Jesse Unruh, a devotee of politics and power

`MONEY is the mother's milk of politics,'' quipped Jesse Unruh almost three decades ago. This catch phrase quickly became, and still is, a rallying cry for politicians the nation over.

Mr. Unruh, for 40 years a Democratic state lawmaker - and one-time nationally publicized ``Big Daddy'' of the California Legislature - was disputably this state's second-most influential contemporary political figure, after Ronald Reagan. When he passed away here last week, he was holding the office of state treasurer, a job he reshaped over 13 years into one of California's most important political posts.
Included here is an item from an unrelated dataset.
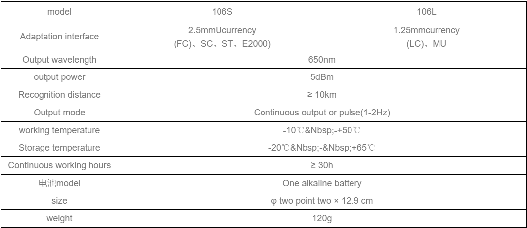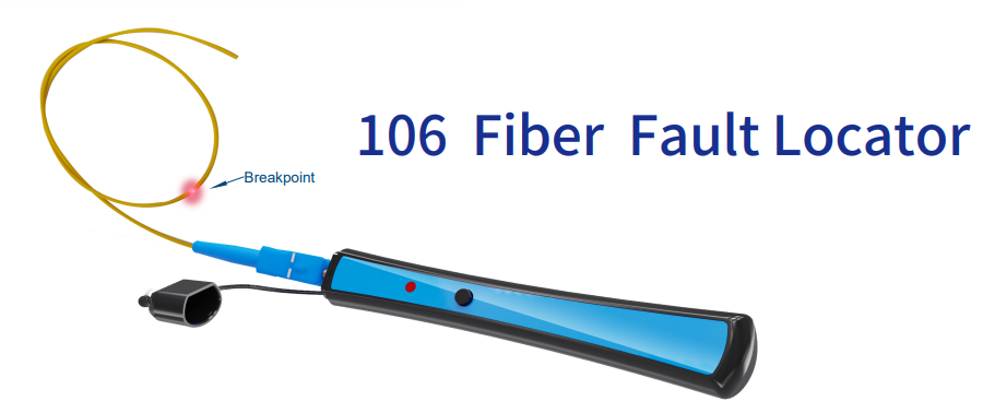 106 Fiber Fault Locator – The 106 series fiber optic fault locator uses visible light to detect fiber optic fault points. By generating strong red light, it easily penetrates the fiber optic and makes the position of the fiber optic fault point clear and visible. It has the advantages of small size, light weight, high output power, and simple operation, making it an ideal tool for detecting fiber optic fault points in fiber optic network engineering sites.

In 1985, a prestigious investor magazine suggested that Unruh might be ``the most politically powerful public financial officer outside the US Treasury.'' He controlled billions in state funds, and other states have adopted his investment approach, which substantially protected workers' pension funds.

For Unruh, power was the name of the game. He shamelessly craved it; usually he extolled it; but he often sharply criticized its misuse.

As speaker of the California Assembly in the 1960s, he used his political clout to stretch budget appropriations for education, to push through social legislation to better the plight of the poor, and to reorganize California's Legislature into a full-time professional institution.

Much of his reform came during the gubernatorial reign of Ronald Reagan, Unruh's chief ideological nemesis and longtime political opponent.

The Assembly speaker and the now-occupant of the White House Oval Office were friendly enemies.

When Unruh unsuccessfully challenged Mr. Reagan for the governorship in 1970, he criticized the conservative incumbent as a champion of the rich and privileged who, he claimed, ignored the ``little man'' and didn't understand his problems.

The outspoken, sometimes blustery and earthy-talking Democrat was, however, no competition at the polls for the charismatic Republican. Reagan went on to a second gubernatorial term - afterward he launched his first, albeit losing, bid for the GOP presidential nomination in 1976.

Meanwhile, Unruh tried for the mayor's post in Los Angeles. He was defeated, however, by Tom Bradley - who is still mayor.

Unruh was born in humble circumstances, and his parents lost their Kansas wheat farm in the Great Depression. He picked cotton as a child, became the first member of his family to graduate from high school, and later migrated to California, where he put himself through college.

As a state lawmaker, Unruh was devoted to social justice, particularly to bettering the plight of blacks, Mexican-American farm workers, and the underprivileged in general.

He believed his most effective weapons were ``money'' and ``power.''

``Money runs the country,'' he once said. ``The Democrats have been wrong in putting too much emphasis into politics and not enough into money.''

Later in his career he conceded, however, that he personally earned very little money during most of his life. ``Now that I have found out I can make it, it bores me,'' he said.

Unruh much preferred power. He lectured political pros, newly elected lawmakers, and Ivy League students on its importance for success in the public forum.

But he flatly rejected what he said was a press-invented image of himself as a ruthless power-broker. He also warned that politics and political power could become a ``narcotic.''

``Try it and it may hook you,'' he said.

Jesse Unruh had an unusual ability to laugh at himself.

His relationship with Governor Reagan was much like what congressional leader Thomas P. (Tip) O'Neill's would later be with President Reagan. They could sharply attack each other's policies, but at the same time maintain mutual respect and goodwill.

In the late 1960s, at a surprise birthday party for the then-governor in the Sacramento Capitol, aides and reporters urged the California chief executive to blow out the candles on his cake and make a wish.

Reagan did so. ``What did you wish?'' he was asked. No matter - said the governor, in mock disappointment. ``It didn't work. He's still here,'' he added, nodding toward Unruh.

Reagan's most formidable nemesis enjoyed a hearty laugh. At Unruh's death the President particularly noted his one-time opponent's devotion to California and the public he served.